Before the tornado hit, the Friends had lots of cats and kittens, and they had them in Harmony House Antiques, which was torn apart by the wind.
Tears were shed. But the cats were tough, and kittens showed up within a few hours. Sylvester was lured with mackerel out from under a nearby house, and Mamasita went into a humane trap next to a carrier holding her kittens. Whiskers was found hiding upstairs in her owner’s condemned house Wednesday evening, and Harmony House’s resident cat, Isabella, was coaxed out of the crumpled building that night.
“Don’t forget us,” Parker said as the van prepared to leave, as if these friends of Furry Friends would, since the Furry Friends, up until Monday, used to host the SPCA’s mobile spay/neuter van.
Adams gave her a hug.
Mike Picotte says he’s not a real religious man, but as he drove into Burnetts Mill after the storm, he said, “God, I don’t really care what stuff I lose, just let the pets be OK.”

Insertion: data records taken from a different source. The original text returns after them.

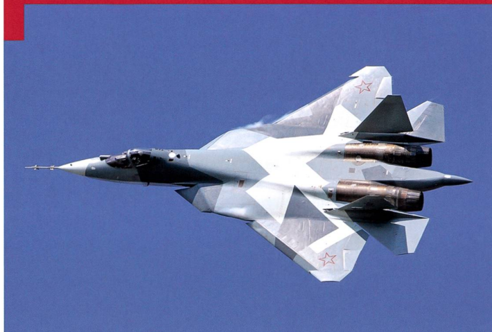
Sukhoi Su-57, peut-être le futur adversaire standard des F-35 et Superhornet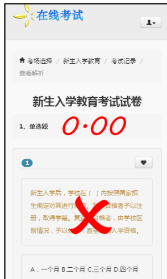
图 9.7 查看答案和解析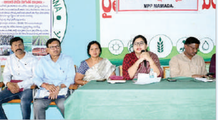
మామడ, డిసెంబర్ 6 (ప్రభాత సమాచారం)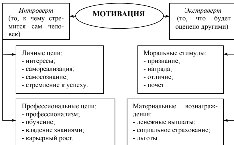
Классификация методов мотивации

формация трудовых ценностей, ухудшения социальной защиты, неадекватность цены рабочей силы – все это вызывает у людей чувство безразличия к своему профессиональному росту и требует переосмыслить вопрос эффективности существующих стимулов, начать поиск новых и разработать систему инновационной мотивации.

His were, but he saw a big Rottweiler running loose. It was scared, and he was scared, but mostly he was scared it would bite someone and be shot.
“Hey, buddy,” Picotte said, and the dog jumped into his truck and sat breathing down his neck, while he tried not to think about how big it was. His dad told him to let the dog go. A friend told him he didn’t need that problem. But his sister told him he did the right thing, so he put up signs and soon the owner called.
“He’s single,” Picotte said. “This dog is his baby. He thought he’d never see him again.”
Adams and Goheen found Kim Martino around 11 a.m., at her home on Hillpoint Road.
Martino was missing Mary, a grayish whitish declawed house cat, who was on the screened-in porch when the storm came through.
“Could Mary have been blown out?” Adams asked, climbing down a bank to look in a debris-filled waterway.
“I guess there’s a very strong possibility,” Martino said.
“So you have looked in here? Looked in that empty house? It seems like they’d run and run, but they don’t. Dogs do, but not cats.”
Adams peered under the porch, peered under the neighbor’s porch, promised to bring back a trap.
“Bless your heart,” she said to Martino, and gave her a hug.
“This is just not cat territory,” Adams said as the van cruised past piles of splintered wood and sodden furnishings. She flagged down a woman in a yard, asked about lost pets, and the woman pointed across the golf course, so Adams abandoned the van and hoofed it toward a house – or rather, a foundation where a house used to stand – where Calvin the cat was missing.
“Well, let’s see,” Adams said, surveying the area with hands on her hips. “If I were a cat …”
She stepped carefully past piles of debris. “They’re gonna go to an open space,” she said. “They’re not gonna hide under this. They may be dead under this. But it’s fight or flight. There’s nothing to fight. So they flee.”
Brian Thiede said that Hobbes, his orange tabby, had shown up at a house far down the street, in the direction that the tornado had gone, but no one could catch him. On Thursday, Hobbes had been found hiding in the garage next door, as close to home as he could get with his own home in splinters. Calvin was not with him.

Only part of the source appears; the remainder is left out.